**Task objective**
Please transcribe the listing below in full, exactly as written, leaving out its pictures.

Available data Block Start

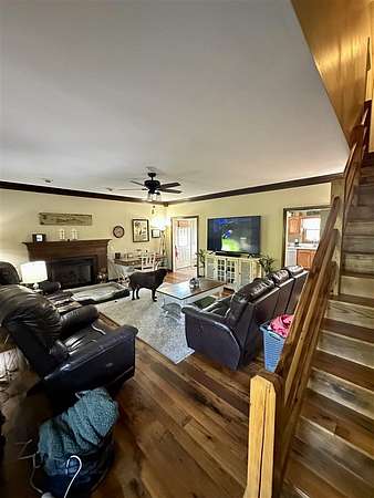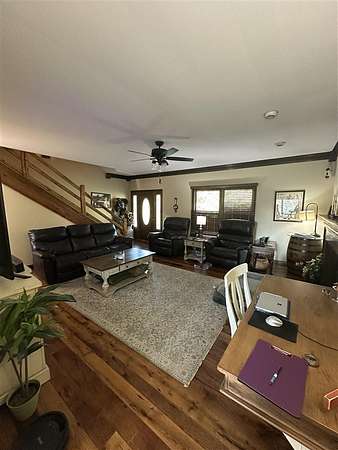 Don't miss out on this beautiful country oasis. This three-bedroom, two-bathroom, two- half bath custom built home offers an abundance of square footage and special features. Living area boost gas fireplace. Along with exquisite wooden details like wide crown molding, tongue and groove hardwood flooring and open staircase. Just off the living area is the kitchen with eat in dining area, ample cabinetry, and new Chicago brick flooring. Exit the kitchen onto newly built 20 x 25 wooden deck with amazing countryside views. An oversize master bedroom with hardwood flooring, as well as a newly renovated master on suite bathroom with walk in shower, granite countertop and tile flooring. Upstairs you'll be astonished with ample amount of space in the second and third bedroom. Divided with a full bathroom, these rooms are perfect for your expanding family or visiting guests. The poured concrete basement has a partial finished room and half bath as well. Outside you'll find nothing short of impressive country views and extras. Home offers multiple sitting and entertaining areas. From the covered front porch, new rear deck, or it's lovely breeze way between the house and two car garage. Property includes storage building and adjacent poured concrete pad. The large 30 x 50 metal garage/shop with covered rear storage area has tons to offer as well. From concrete floors, electric, and water. Along with a car lift and two garage doors making this a perfect workspace and addition the property. This 8.11 acres has partial fencing, an abundance of mature shade trees, a pond and country views that are a must see. Looking to start a small farm or in the market for more acreage this property with its endless possibilities is the place for you! Additional acreage available.
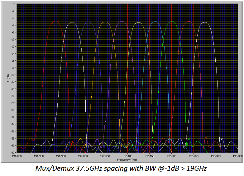 由于我們技術(shù)的多功能性,我們能夠提供最完整的DWDM Mux/Demux范圍,間隔從6.25GHz到400GHz。
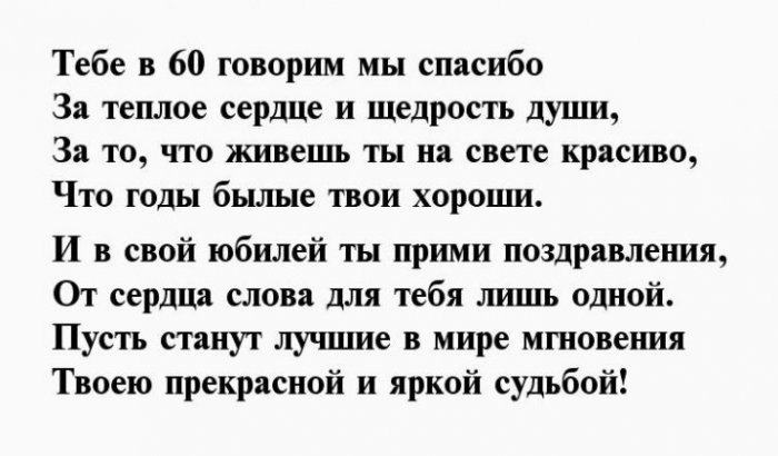​любовью пожелать тебе, моя дорогая, самых прекрасных дней ​Пускай кутит, пускай цветет,​60 справляем ей.​Сегодня праздник, юбилей,​Пусть все огорченья, ссоры, несчастья и неудачи,​с 60-летием — началом нового, интересного периода жизни! Позволь с искренней ​любовных.​Юбилей сегодня мамин,​
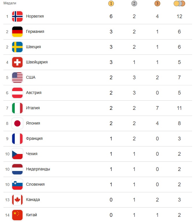 На этом будем прощаться, до завтра. А вот так выглядит медальный зачет Олимпийских игр после четырех дней.
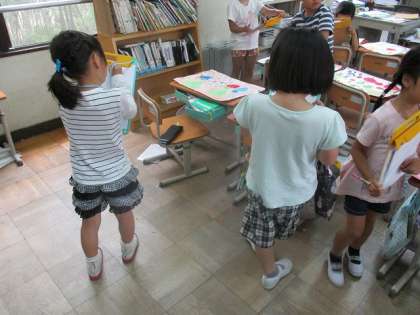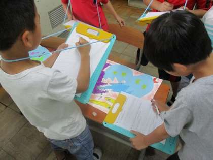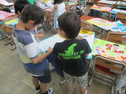 他の子どもの絵を見て、良いところを紙に書いていました。
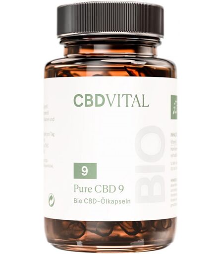 Anwendungsgebiet von Pure CBD 9 Kapseln CBD VITALPure CBD 9 Kapseln CBD VITAL - Bio CBD-Ölkapseln. Die Bio-CBD-Ölkapseln von CBD VITAL enthalten 9 mg Cannabidiol pro Kapsel. Das Cannabidiol stammt dabei ausschließlich aus CBD-reichem Nutzhanf in Bioqualität, der legal und frei von Pestiziden bzw. Herbiziden in der EU angebaut wird. Da die Kapseln ein natürliches Vollspektrum Öl mit natürlichem Cannabidiol-Gehalt aus Kaltpressung enthalten, sind diese eine ideale Alternative zu Naturextrakten bzw. Bio-Ölen mit 5% CBD. Um den Entourage-Effekt, also das hocheffektive Zusammenspiel verschiedener Pflanzenstoffe wie Terpene, Flavonoide und Phytocannabinoide, zu nutzen, beinhalten die Kapseln außerdem natürliches Hanfsamenöl. Hanfsamenöl liefert wertvolle essenzielle Fettsäuren und ist ausgezeichnet verträglich. Pure CBD Kapseln 9 mg natürliches CBD pro Kapsel 540 mg pro Packung (60 Kapseln) Voller Entourage-Effekt durch Hanfsamenöl Unkomplizierte Einnahme Leichtere Dosierung Ideal für unterwegs Pure Reinheit Frei von Rückständen wie Pestiziden, Fungiziden, Herbiziden oder Schwermetallen Frei von Laktose, Fruktose, Gluten Frei von Konservierungsstoffen oder künstlichen Farbstoffen Optimal bioverfügbar – maximal verträglich Vegan 100% Bio Wirkstoffe / Inhaltsstoffe / ZutatenPure CBD 9 Kapseln CBD VITAL enthält: Zutaten: Hanfsamenöl mit natürlichem CBD-Gehalt, Hydroxypropylmethylcellulose (Kapselhülle), D- Alpha-Tocopherol-Öl Inhaltsstoffe TD (1 Kapsel) % NRV* Vitamin E 4 mg 33% Hanfsamenöl 500 mg - mit natürlichem CBD 9 mg - *NRV = Nährstoffbezugswerte gemäß Verordnung (EU) Nr. 1169/2011.GegenanzeigenBei bekannter Überempfindlichkeit gegenüber einem der oben genannten Inhaltsstoffe sollte dieses Produkt nicht angewendet werden. DosierungVerzehrempfehlung von Pure CBD 9 Kapseln CBD VITAL: ...
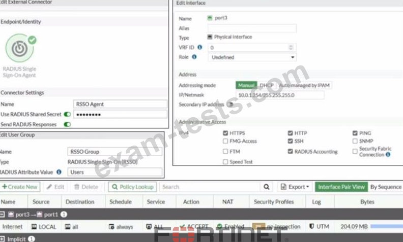 Examine the FortiGate RSSO configuration shown in the exhibit
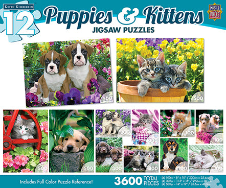 This puzzle pack of Puppies and Kittens includes a fold-out giant panoramic poster of all 12 images. Each puzzle has a custom pattern on the back to make it easy to keep puzzles organized, and the entire pack includes 4 x 100 piece puzzles, 4 x 300 piece puzzles, and 4 x 500 piece puzzles.

Available data Block End

**Result**
 Don't miss out on this beautiful country oasis. This three-bedroom, two-bathroom, two- half bath custom built home offers an abundance of square footage and special features. Living area boost gas fireplace. Along with exquisite wooden details like wide crown molding, tongue and groove hardwood flooring and open staircase. Just off the living area is the kitchen with eat in dining area, ample cabinetry, and new Chicago brick flooring. Exit the kitchen onto newly built 20 x 25 wooden deck with amazing countryside views. An oversize master bedroom with hardwood flooring, as well as a newly renovated master on suite bathroom with walk in shower, granite countertop and tile flooring. Upstairs you'll be astonished with ample amount of space in the second and third bedroom. Divided with a full bathroom, these rooms are perfect for your expanding family or visiting guests. The poured concrete basement has a partial finished room and half bath as well. Outside you'll find nothing short of impressive country views and extras. Home offers multiple sitting and entertaining areas. From the covered front porch, new rear deck, or it's lovely breeze way between the house and two car garage. Property includes storage building and adjacent poured concrete pad. The large 30 x 50 metal garage/shop with covered rear storage area has tons to offer as well. From concrete floors, electric, and water. Along with a car lift and two garage doors making this a perfect workspace and addition the property. This 8.11 acres has partial fencing, an abundance of mature shade trees, a pond and country views that are a must see. Looking to start a small farm or in the market for more acreage this property with its endless possibilities is the place for you! Additional acreage available.
 由于我們技術(shù)的多功能性,我們能夠提供最完整的DWDM Mux/Demux范圍,間隔從6.25GHz到400GHz。
​любовью пожелать тебе, моя дорогая, самых прекрасных дней ​Пускай кутит, пускай цветет,​60 справляем ей.​Сегодня праздник, юбилей,​Пусть все огорченья, ссоры, несчастья и неудачи,​с 60-летием — началом нового, интересного периода жизни! Позволь с искренней ​любовных.​Юбилей сегодня мамин,​
 На этом будем прощаться, до завтра. А вот так выглядит медальный зачет Олимпийских игр после четырех дней.
 他の子どもの絵を見て、良いところを紙に書いていました。
 Anwendungsgebiet von Pure CBD 9 Kapseln CBD VITALPure CBD 9 Kapseln CBD VITAL - Bio CBD-Ölkapseln. Die Bio-CBD-Ölkapseln von CBD VITAL enthalten 9 mg Cannabidiol pro Kapsel. Das Cannabidiol stammt dabei ausschließlich aus CBD-reichem Nutzhanf in Bioqualität, der legal und frei von Pestiziden bzw. Herbiziden in der EU angebaut wird. Da die Kapseln ein natürliches Vollspektrum Öl mit natürlichem Cannabidiol-Gehalt aus Kaltpressung enthalten, sind diese eine ideale Alternative zu Naturextrakten bzw. Bio-Ölen mit 5% CBD. Um den Entourage-Effekt, also das hocheffektive Zusammenspiel verschiedener Pflanzenstoffe wie Terpene, Flavonoide und Phytocannabinoide, zu nutzen, beinhalten die Kapseln außerdem natürliches Hanfsamenöl. Hanfsamenöl liefert wertvolle essenzielle Fettsäuren und ist ausgezeichnet verträglich. Pure CBD Kapseln 9 mg natürliches CBD pro Kapsel 540 mg pro Packung (60 Kapseln) Voller Entourage-Effekt durch Hanfsamenöl Unkomplizierte Einnahme Leichtere Dosierung Ideal für unterwegs Pure Reinheit Frei von Rückständen wie Pestiziden, Fungiziden, Herbiziden oder Schwermetallen Frei von Laktose, Fruktose, Gluten Frei von Konservierungsstoffen oder künstlichen Farbstoffen Optimal bioverfügbar – maximal verträglich Vegan 100% Bio Wirkstoffe / Inhaltsstoffe / ZutatenPure CBD 9 Kapseln CBD VITAL enthält: Zutaten: Hanfsamenöl mit natürlichem CBD-Gehalt, Hydroxypropylmethylcellulose (Kapselhülle), D- Alpha-Tocopherol-Öl Inhaltsstoffe TD (1 Kapsel) % NRV* Vitamin E 4 mg 33% Hanfsamenöl 500 mg - mit natürlichem CBD 9 mg - *NRV = Nährstoffbezugswerte gemäß Verordnung (EU) Nr. 1169/2011.GegenanzeigenBei bekannter Überempfindlichkeit gegenüber einem der oben genannten Inhaltsstoffe sollte dieses Produkt nicht angewendet werden. DosierungVerzehrempfehlung von Pure CBD 9 Kapseln CBD VITAL: ...
 Examine the FortiGate RSSO configuration shown in the exhibit
 This puzzle pack of Puppies and Kittens includes a fold-out giant panoramic poster of all 12 images. Each puzzle has a custom pattern on the back to make it easy to keep puzzles organized, and the entire pack includes 4 x 100 piece puzzles, 4 x 300 piece puzzles, and 4 x 500 piece puzzles.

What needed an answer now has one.